I finally completed my second practicum. This one was at Busboys & Poets, during the TOTUS reunion dinner. While I was nervous at the thought of embarrassing myself in front of a crowd of people outside the safety of the university, I was nowhere as nervous the previous week. I was scared when we arrived but I had not been having anxiety attacks at the thought of performing beforehand. Even though I know I still have a ways to go, I’m very proud of how far I’ve come and very grateful that TOTUS gave me the opportunity to grow as a person and, and as a poet, and as a performer.

I also felt more confident with changing my poem. While I was practicing in a corner before the open mic event started, I thought of a line that would add some humor to my poem and had no problem adding it in.
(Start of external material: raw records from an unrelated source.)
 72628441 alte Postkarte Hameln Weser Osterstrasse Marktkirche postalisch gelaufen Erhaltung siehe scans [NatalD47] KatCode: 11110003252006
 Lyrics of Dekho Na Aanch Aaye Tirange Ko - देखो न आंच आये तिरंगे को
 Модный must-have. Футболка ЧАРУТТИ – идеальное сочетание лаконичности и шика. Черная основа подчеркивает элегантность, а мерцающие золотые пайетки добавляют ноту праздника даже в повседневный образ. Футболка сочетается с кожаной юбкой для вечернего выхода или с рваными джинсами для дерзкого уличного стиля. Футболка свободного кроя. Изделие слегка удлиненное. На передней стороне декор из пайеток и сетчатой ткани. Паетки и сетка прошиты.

Comparing this to my first practicum, where I tried desperately to memorize my poem and was scared of changing it in the few days before the performance because I was so scared I would forget it or mess it up, I’ve changed dramatically. I was more confident coming up to my second practicum, and I made changes without needing to go over every line with someone else. I appreciate (and appreciated) everyone’s feedback, but at times felt like I relied on it too much, and that it stifled my own words because I needed approval for every new word I added. However, I felt more in control, and I felt like I could write new lines without needing to run to someone else for them to approve it.
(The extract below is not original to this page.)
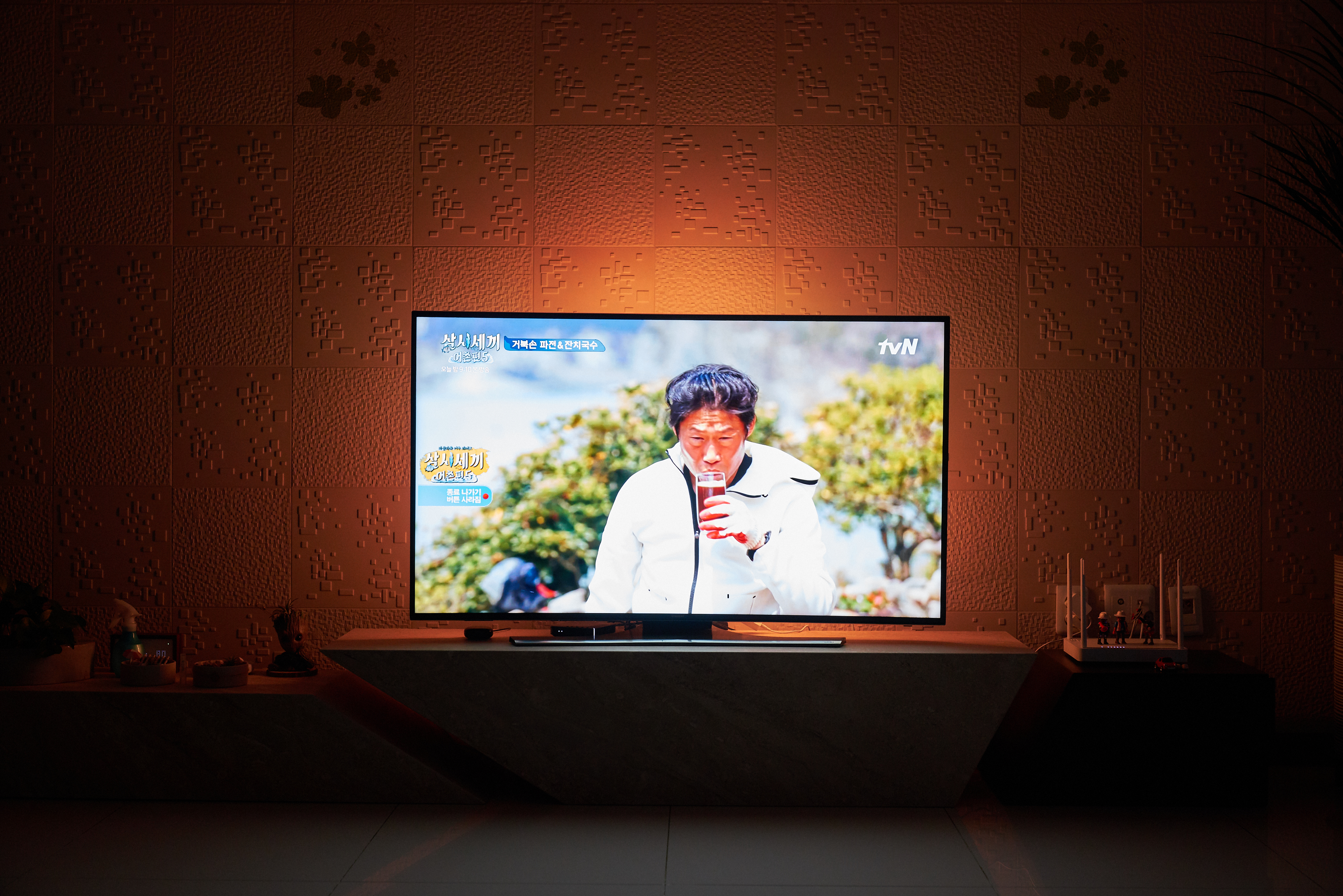 이 날은 삼시세끼를 하는 날이었습니다. 아이들을 다 재워놓고 맥주 한 잔에 여유롭게 텔레비전을 보니.. 기분도 힐링되고 참 좋습니다. 어두운 곳에서 텔레비전이나 모니터를 오래 봤던 분들이라면 이렇게 무드등을 설치해보는 것을 추천드리고 싶습니다. TV화면 밝기 때문에 눈이 불편할 때가 있는데.. 이렇게 무드등처럼 설치해놓으면 눈이 엄청 편해집니다. 저는 주황색이 편해서 그렇게 세팅을 해봤습니다.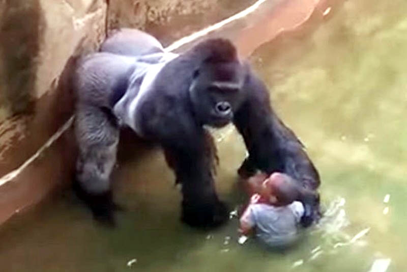 Это случилось в 2016 году в зоопарке американского города Цинциннати. Маленький мальчик упал в вольер с гориллами, которые отличаются своей недюжинной силой и непредсказуемым характером. Один из зрителей сделал этот кадр за мгновение до трагедии.

When I finally went on stage to perform, I was so nervous all I could hear was my heart pounding in my ears. However, as soon as I started speaking, all that went away, and I said the old lines as well as the new with confidence. I was happy that I had to stop when people laughed at the funny lines, and love the affirmative “hmmm”s and the snaps that came after I delivered the lines that I thought were poignant. It felt so good to be able to connect with people using the lines I had felt resonated with me, and having those lines hit the audience hard. It felt exhilarating.

One thing that made me nervous after I went up was the woman who went after me. She said that my poem reminded her of a quote which read “Those who stay silent when they witness oppression join the ranks of the oppressor.” It bothered me while I was there because my poem was about me staying silent as I saw racism manifest itself because I was too scared to say something. I’m not sure she meant it as I heard it, but that was how it came off to me. Finally, as I was leaving, so many people came up to me and told me how much they liked my poem, and how it really resonated with them, and how they could relate to it. It made me feel like I created something beautiful and valuable with my words.